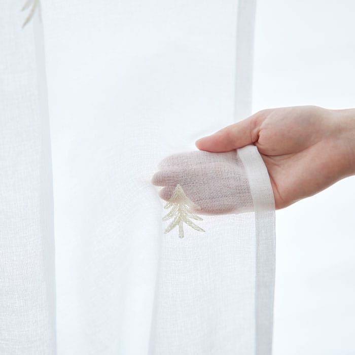 針葉樹と雪山で暮らすイエティがモチーフです。 スパン糸を使って刺繍することで、雪を連想させる柔らかなテクスチャーとなっています。 ドレープカーテン『ユキヤマ』とのコーディネートがおすすめです。
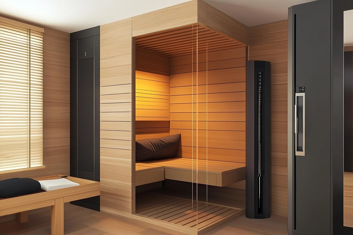 Создано на основе запроса: design a small home gym area with a built-saune in one corner
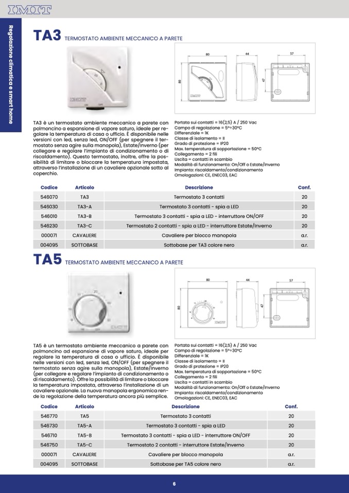 TA5 è un termostato ambiente meccanico a parete con
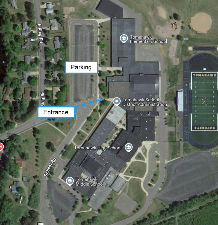 Follow the school driveway left and go around to the front of the complex to the Elementary School parking lot. The pool & fitness center entrance is Door #6.

++++++++++

**Assignment**. Return the lines exactly, from the one containing "TA5 è un termostato" through the last line above, including both ends and excluding every picture.

**Output**.
 TA5 è un termostato ambiente meccanico a parete con
 Follow the school driveway left and go around to the front of the complex to the Elementary School parking lot. The pool & fitness center entrance is Door #6.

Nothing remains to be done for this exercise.